WHAT YOU SHOULD DO → The data below contains pictures, which are to be skipped; the lines starting at the line with "#おもちゃ撮影会 お題「if 3」" and ending at the line with "彰化縣長 卓伯源:「102年" are to be output exactly, both ends included.

INPUT FOR THIS TASK →
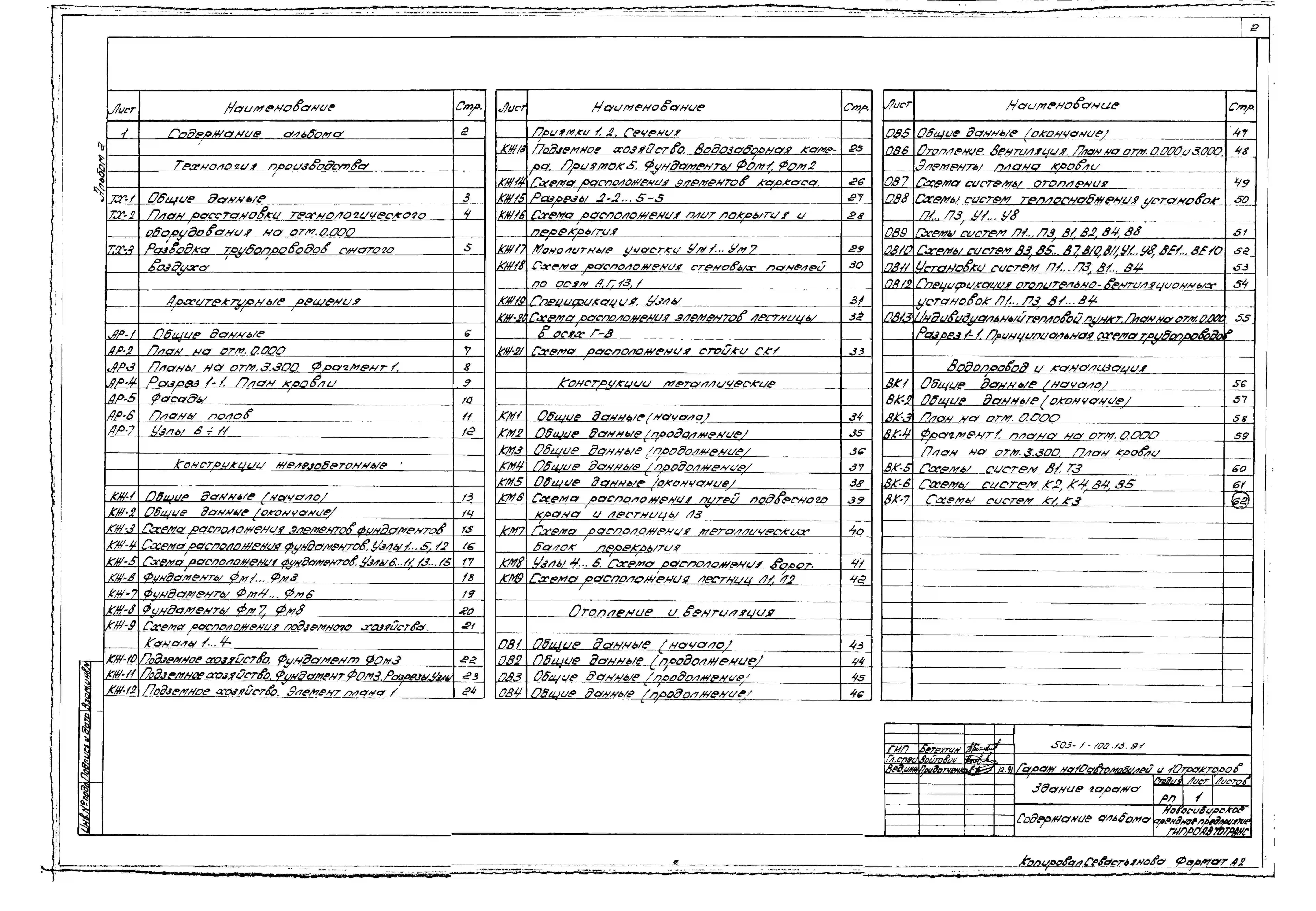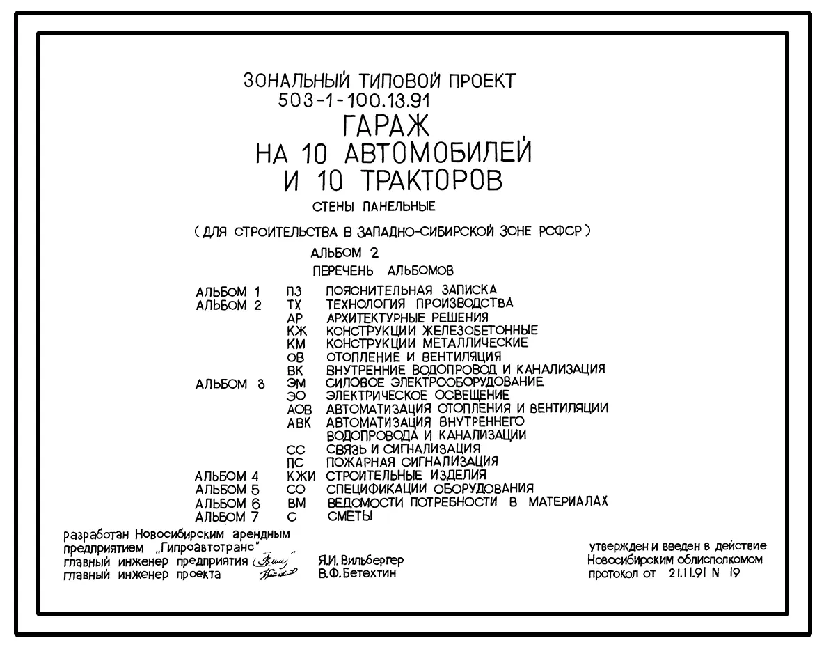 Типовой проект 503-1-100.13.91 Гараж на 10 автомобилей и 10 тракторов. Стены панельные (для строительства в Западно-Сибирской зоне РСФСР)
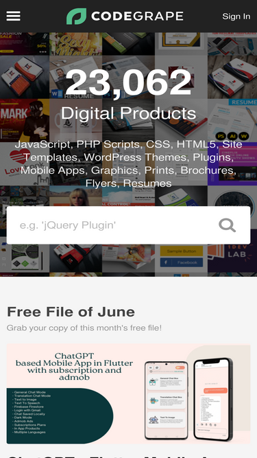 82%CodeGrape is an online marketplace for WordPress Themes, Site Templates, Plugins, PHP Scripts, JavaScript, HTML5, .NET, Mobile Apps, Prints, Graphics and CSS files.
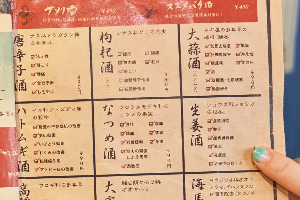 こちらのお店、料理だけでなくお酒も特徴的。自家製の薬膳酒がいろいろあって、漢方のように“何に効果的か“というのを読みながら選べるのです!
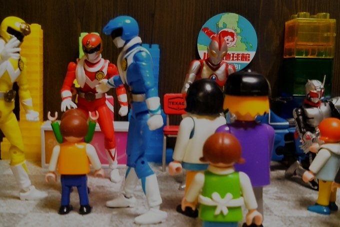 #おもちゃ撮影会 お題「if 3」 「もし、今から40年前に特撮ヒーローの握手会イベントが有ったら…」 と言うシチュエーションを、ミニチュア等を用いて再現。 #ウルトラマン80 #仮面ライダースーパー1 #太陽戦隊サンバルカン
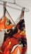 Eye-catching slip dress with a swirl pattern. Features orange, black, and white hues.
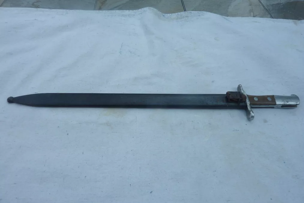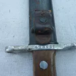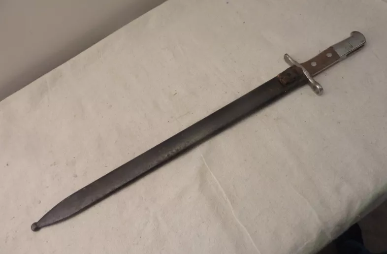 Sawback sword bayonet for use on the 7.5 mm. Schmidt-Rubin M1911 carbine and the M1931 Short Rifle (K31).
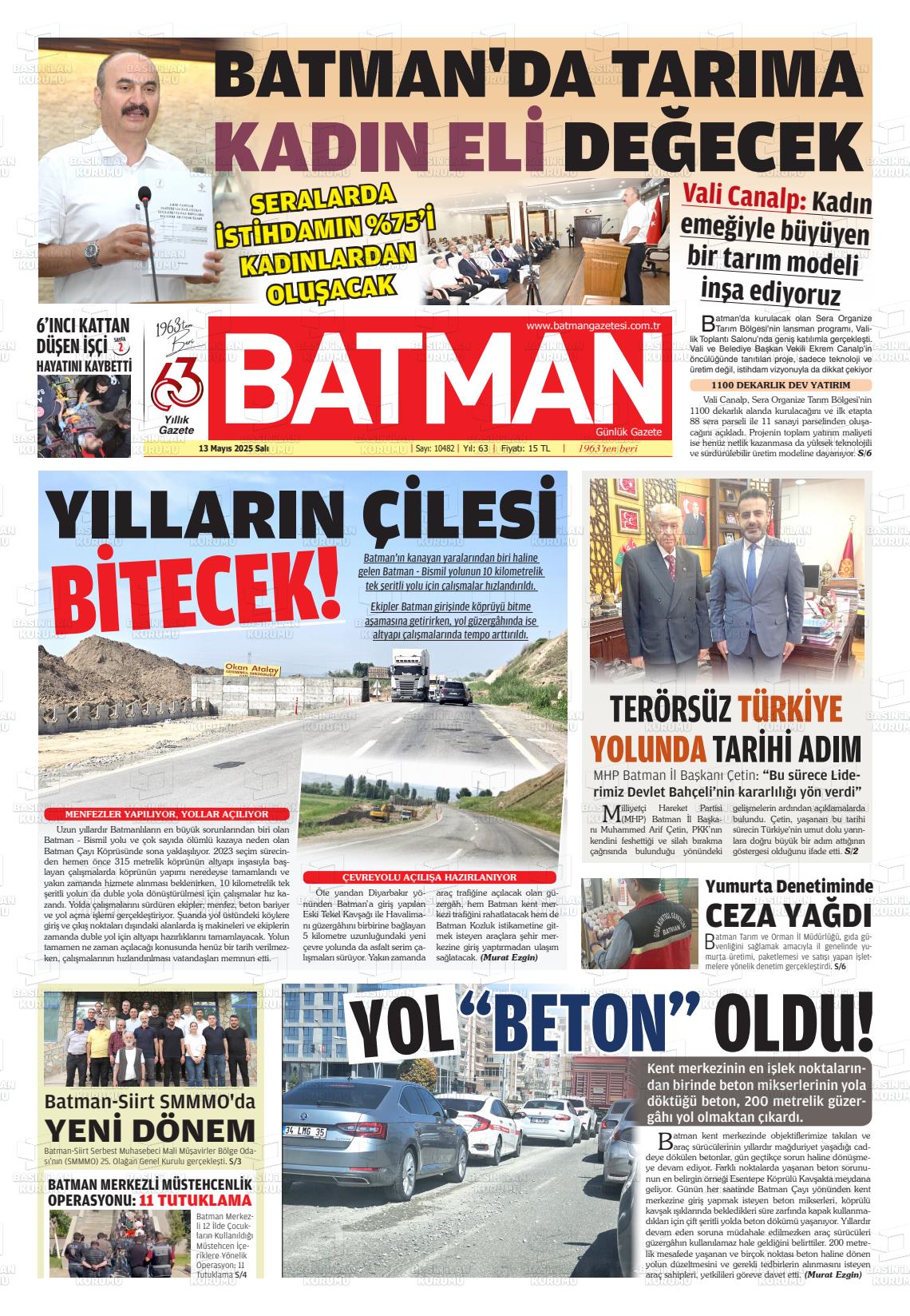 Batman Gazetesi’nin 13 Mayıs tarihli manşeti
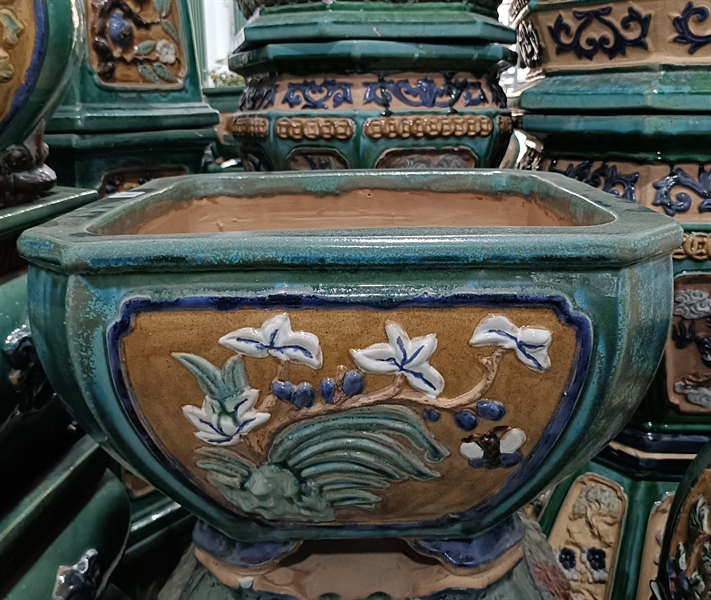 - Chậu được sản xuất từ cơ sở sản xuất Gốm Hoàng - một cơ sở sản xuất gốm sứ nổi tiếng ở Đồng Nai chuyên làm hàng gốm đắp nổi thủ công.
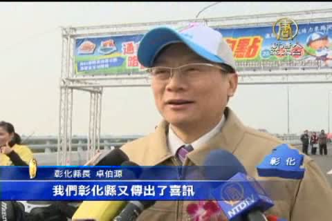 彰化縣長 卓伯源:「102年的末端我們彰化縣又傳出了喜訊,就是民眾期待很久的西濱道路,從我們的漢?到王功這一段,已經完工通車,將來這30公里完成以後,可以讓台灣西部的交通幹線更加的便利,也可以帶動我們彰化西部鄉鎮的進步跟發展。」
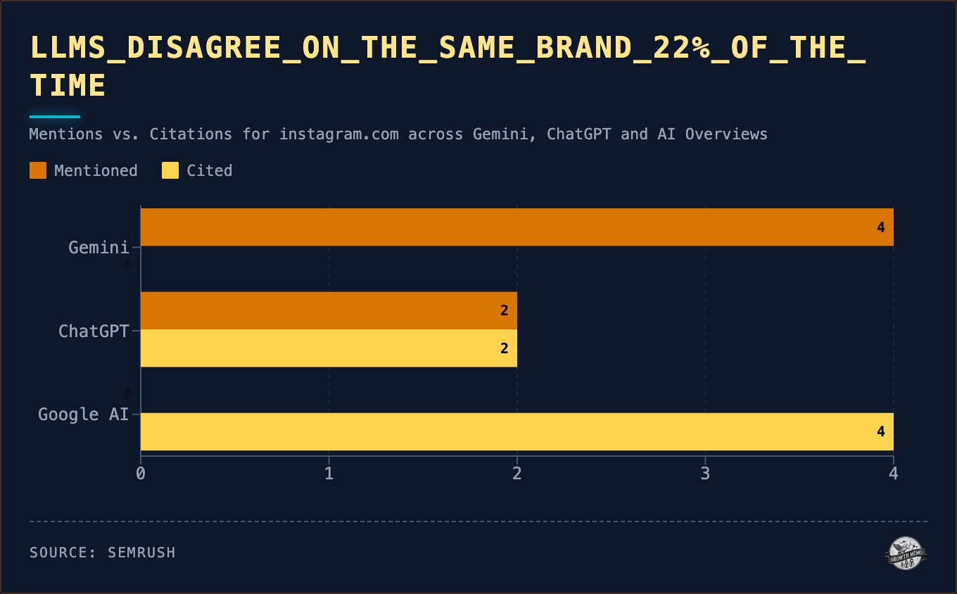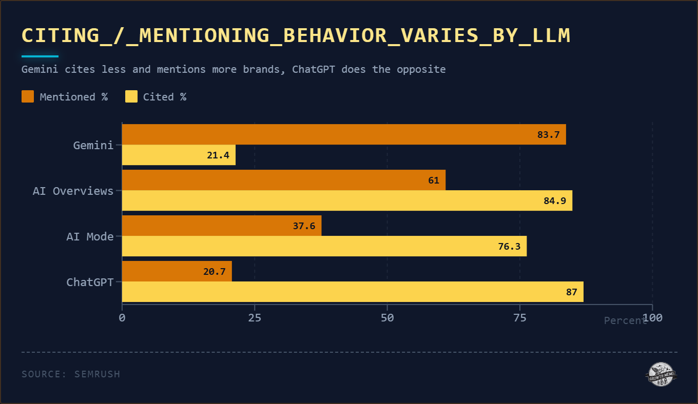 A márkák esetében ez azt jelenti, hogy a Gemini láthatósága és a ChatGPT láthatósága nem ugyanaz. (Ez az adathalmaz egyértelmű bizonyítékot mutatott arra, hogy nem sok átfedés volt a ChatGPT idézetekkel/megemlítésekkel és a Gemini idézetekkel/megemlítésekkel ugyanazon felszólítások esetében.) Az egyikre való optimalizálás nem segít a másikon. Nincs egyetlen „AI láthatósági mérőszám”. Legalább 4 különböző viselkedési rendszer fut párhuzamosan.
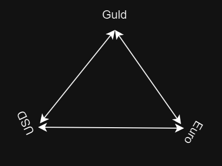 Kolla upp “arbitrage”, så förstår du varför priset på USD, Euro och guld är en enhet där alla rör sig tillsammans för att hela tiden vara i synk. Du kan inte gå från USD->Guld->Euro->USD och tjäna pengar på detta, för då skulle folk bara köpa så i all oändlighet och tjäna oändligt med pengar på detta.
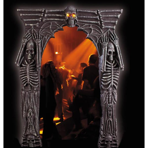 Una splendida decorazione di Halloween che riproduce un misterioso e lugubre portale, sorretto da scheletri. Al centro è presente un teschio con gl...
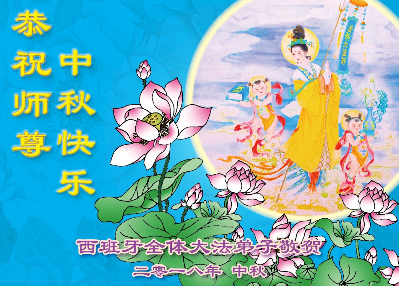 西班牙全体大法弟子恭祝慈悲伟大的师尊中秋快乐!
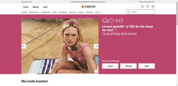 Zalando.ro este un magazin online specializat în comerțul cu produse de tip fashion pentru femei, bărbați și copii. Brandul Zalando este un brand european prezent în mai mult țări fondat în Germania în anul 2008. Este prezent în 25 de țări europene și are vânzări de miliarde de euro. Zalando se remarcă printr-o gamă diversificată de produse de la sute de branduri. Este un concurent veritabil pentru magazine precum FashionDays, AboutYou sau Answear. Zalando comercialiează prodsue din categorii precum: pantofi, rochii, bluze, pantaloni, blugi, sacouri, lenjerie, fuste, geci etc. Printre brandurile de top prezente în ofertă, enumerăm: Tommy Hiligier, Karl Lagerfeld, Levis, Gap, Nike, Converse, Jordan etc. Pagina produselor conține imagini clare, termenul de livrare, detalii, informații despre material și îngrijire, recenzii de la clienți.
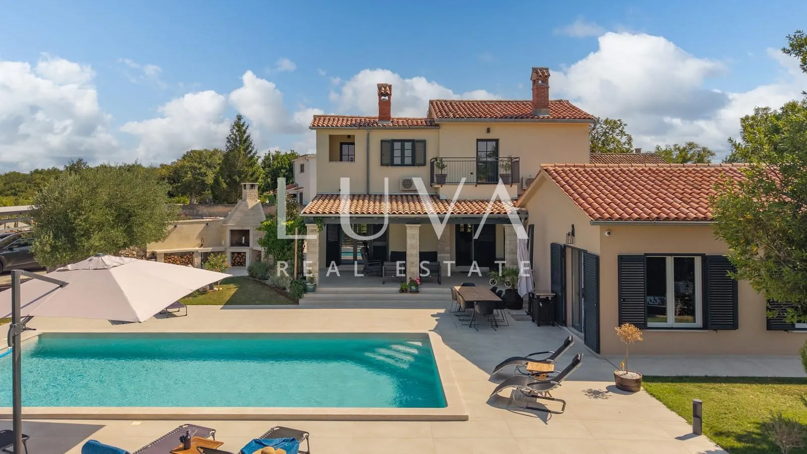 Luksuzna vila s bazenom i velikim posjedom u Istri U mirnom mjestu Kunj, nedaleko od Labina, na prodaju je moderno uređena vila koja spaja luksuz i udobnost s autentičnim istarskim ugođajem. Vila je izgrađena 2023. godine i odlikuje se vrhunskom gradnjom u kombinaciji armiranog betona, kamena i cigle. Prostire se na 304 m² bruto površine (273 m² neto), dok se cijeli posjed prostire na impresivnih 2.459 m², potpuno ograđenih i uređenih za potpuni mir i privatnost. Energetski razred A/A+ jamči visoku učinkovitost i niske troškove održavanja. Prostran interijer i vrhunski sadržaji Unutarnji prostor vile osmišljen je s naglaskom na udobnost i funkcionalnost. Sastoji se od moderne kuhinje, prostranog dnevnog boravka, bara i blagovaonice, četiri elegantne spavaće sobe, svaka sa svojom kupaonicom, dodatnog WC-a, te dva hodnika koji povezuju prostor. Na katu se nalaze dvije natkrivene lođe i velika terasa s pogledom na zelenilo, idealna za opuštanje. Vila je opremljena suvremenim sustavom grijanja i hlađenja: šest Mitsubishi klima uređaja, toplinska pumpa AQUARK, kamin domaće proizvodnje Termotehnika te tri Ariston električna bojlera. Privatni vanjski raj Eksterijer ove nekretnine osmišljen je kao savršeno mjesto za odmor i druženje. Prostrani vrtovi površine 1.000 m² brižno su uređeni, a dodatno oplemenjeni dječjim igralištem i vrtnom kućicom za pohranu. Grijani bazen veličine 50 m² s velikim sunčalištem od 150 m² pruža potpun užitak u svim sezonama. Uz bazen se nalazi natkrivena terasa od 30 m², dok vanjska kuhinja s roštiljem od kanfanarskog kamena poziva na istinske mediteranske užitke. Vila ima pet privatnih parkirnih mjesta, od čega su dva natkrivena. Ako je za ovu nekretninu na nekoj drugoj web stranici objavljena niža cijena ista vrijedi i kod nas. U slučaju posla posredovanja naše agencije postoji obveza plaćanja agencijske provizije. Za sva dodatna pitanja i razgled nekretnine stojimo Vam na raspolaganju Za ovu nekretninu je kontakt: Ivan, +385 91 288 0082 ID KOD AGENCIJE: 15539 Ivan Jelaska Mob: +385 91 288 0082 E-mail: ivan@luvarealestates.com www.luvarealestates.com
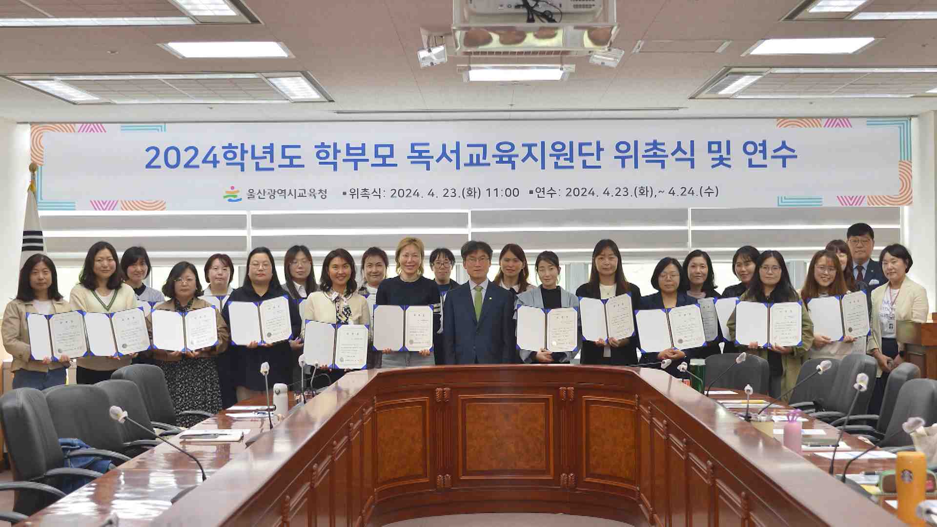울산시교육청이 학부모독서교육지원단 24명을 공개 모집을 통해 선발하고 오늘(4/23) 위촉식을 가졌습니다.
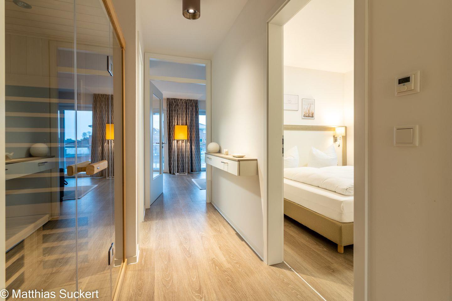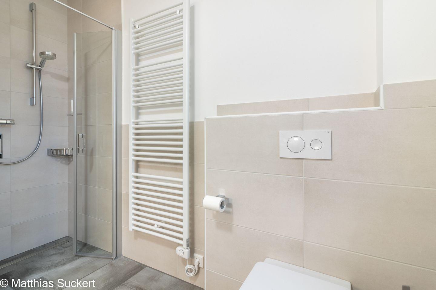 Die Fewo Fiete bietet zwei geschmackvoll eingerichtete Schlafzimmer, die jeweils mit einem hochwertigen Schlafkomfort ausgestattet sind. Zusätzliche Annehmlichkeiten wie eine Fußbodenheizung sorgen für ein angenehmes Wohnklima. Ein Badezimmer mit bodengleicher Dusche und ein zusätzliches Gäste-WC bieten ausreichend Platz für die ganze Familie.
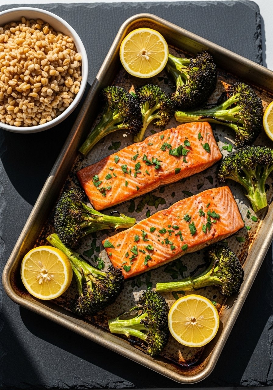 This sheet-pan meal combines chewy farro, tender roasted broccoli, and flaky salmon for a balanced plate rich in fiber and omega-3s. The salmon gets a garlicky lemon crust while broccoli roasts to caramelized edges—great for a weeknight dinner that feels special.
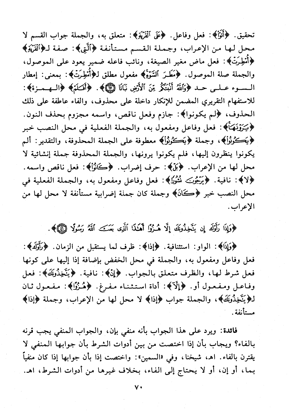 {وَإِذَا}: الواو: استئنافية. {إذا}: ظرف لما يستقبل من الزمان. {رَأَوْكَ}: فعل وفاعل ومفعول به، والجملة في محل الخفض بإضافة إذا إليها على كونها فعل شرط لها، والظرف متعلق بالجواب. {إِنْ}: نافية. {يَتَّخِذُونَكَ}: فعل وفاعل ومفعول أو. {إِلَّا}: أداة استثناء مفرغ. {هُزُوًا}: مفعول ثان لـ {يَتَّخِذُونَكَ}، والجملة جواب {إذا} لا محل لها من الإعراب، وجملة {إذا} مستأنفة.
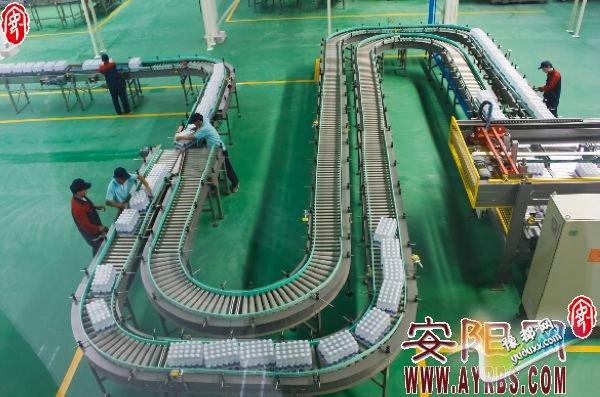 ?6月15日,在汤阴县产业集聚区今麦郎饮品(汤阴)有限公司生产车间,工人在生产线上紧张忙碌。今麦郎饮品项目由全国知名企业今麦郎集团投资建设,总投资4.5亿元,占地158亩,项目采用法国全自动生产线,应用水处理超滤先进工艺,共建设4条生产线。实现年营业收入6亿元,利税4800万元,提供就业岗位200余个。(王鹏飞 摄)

RESPONSE TO THE TASK →
 #おもちゃ撮影会 お題「if 3」 「もし、今から40年前に特撮ヒーローの握手会イベントが有ったら…」 と言うシチュエーションを、ミニチュア等を用いて再現。 #ウルトラマン80 #仮面ライダースーパー1 #太陽戦隊サンバルカン
 Eye-catching slip dress with a swirl pattern. Features orange, black, and white hues.
 Sawback sword bayonet for use on the 7.5 mm. Schmidt-Rubin M1911 carbine and the M1931 Short Rifle (K31).
 Batman Gazetesi’nin 13 Mayıs tarihli manşeti
 - Chậu được sản xuất từ cơ sở sản xuất Gốm Hoàng - một cơ sở sản xuất gốm sứ nổi tiếng ở Đồng Nai chuyên làm hàng gốm đắp nổi thủ công.
 彰化縣長 卓伯源:「102年的末端我們彰化縣又傳出了喜訊,就是民眾期待很久的西濱道路,從我們的漢?到王功這一段,已經完工通車,將來這30公里完成以後,可以讓台灣西部的交通幹線更加的便利,也可以帶動我們彰化西部鄉鎮的進步跟發展。」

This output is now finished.